Monday 21 May 2018

Winnowing


Last week I received a package in the mail from a faraway friend of my youth: a beautiful silver and amber ring that I remember from a long ago time in Montreal when she and I would meet on Saturday mornings at the Luxor CafĂ© on Ste. Catherine’s Street to talk about love and life and books. In the accompanying message she wrote that she was sending the ring because she was “winnowing” things, noting that it is a lovely word.
 

It is indeed a lovely word, one which has many meanings. When I mention it to elderly friends, they too claim to be in the process of winnowing. Their process that sounds something like Swedish death cleaning, i.e. chucking things out in order to diminish the workload that may be left for others after one dies.
 

Farmers speak of winnowing wheat, or winnowing rice, depending on their country. The dictionary definition refers to freeing grain from the lighter particles of chaff. When the grain is thrown into the air, the wind blows away the impurities. To winnow is to distinguish the valuable from worthless. To separate the wheat from the chaff.
 

Another dictionary definition for winnowing is “to pursue a course with flapping wings in flying,” Bird watchers sometimes refer to the winnowing flight of snipe, a delightful aural image.

Many poets spoke of "winnowing." In his poem "Autumn," Keats spoke of "the winnowing wind," and a collection of WW I poetry is ominously titled "The Winnowing Fan."

There are also references in the bible. Proverbs 20:8 states that when a king sits on his throne to judge he “winnows out all evil with his eyes,” a useful ability for a judge. A very large task as well, given all the evil in the world.

In Jeremiah, we read "I will send foreigners to Babylon to winnow her and to devastate her land” and “I will winnow them with a winnowing fork at the city gates of the land. I will bring bereavement and destruction on my people, for they have not changed their ways."

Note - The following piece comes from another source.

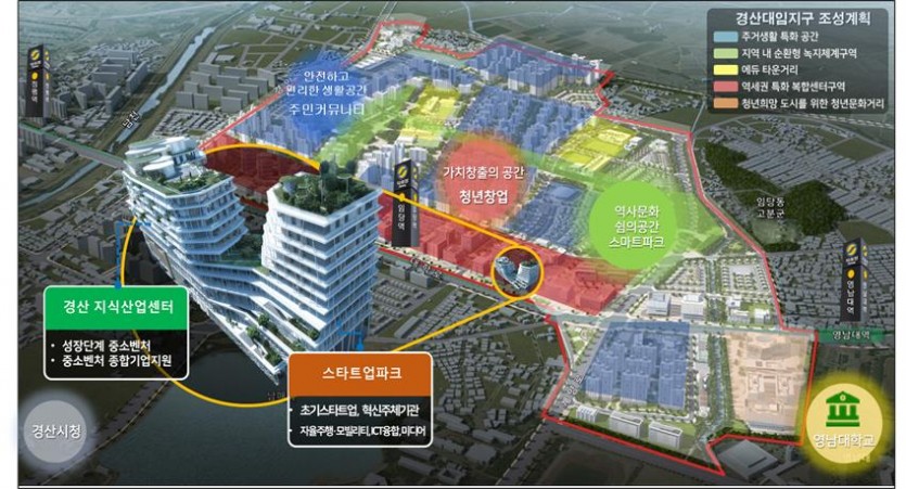 스타트업파크는 창업자, 투자자, 대학 및 연구기간 등 혁신 주체가 열린공간에서 네트워킹하는 창업 집적화 공간 조성사업으로 현재 진행중인 경산 지식산업센터와 연계해 벤처기업의 창업에서 성장, 글로벌 진출까지 맞춤형 지원 시스템 구축하고 지역 청년들의 기술창업 전진기지로서 역할을 할 계획이다.

I was thinking about winnowing when I read about the wealthy men in three-piece suits rioting at Ascot recently. A far cry from “My Fair Lady.” The papers demanded that something needed to be done to keep “these people” out, and a reader commented, “What people? Rich people?” Commenting on the behaviour of these privileged people, someone noted that one could be a future prime minister.

The images of high school shootings makes on think of the need for winnowing out the lawmakers who do not support gun control.

When I see the increasing number of homeless people, miserably curled up in doorways or ditches I know that we have to work at winnowing out city counselors who have dropped the ball on low-cost housing initiatives.

The world is in bad shape, globally and in my own small town.

I won’t resort to knives, but I do wonder where I can get one of those biblical winnowing forks.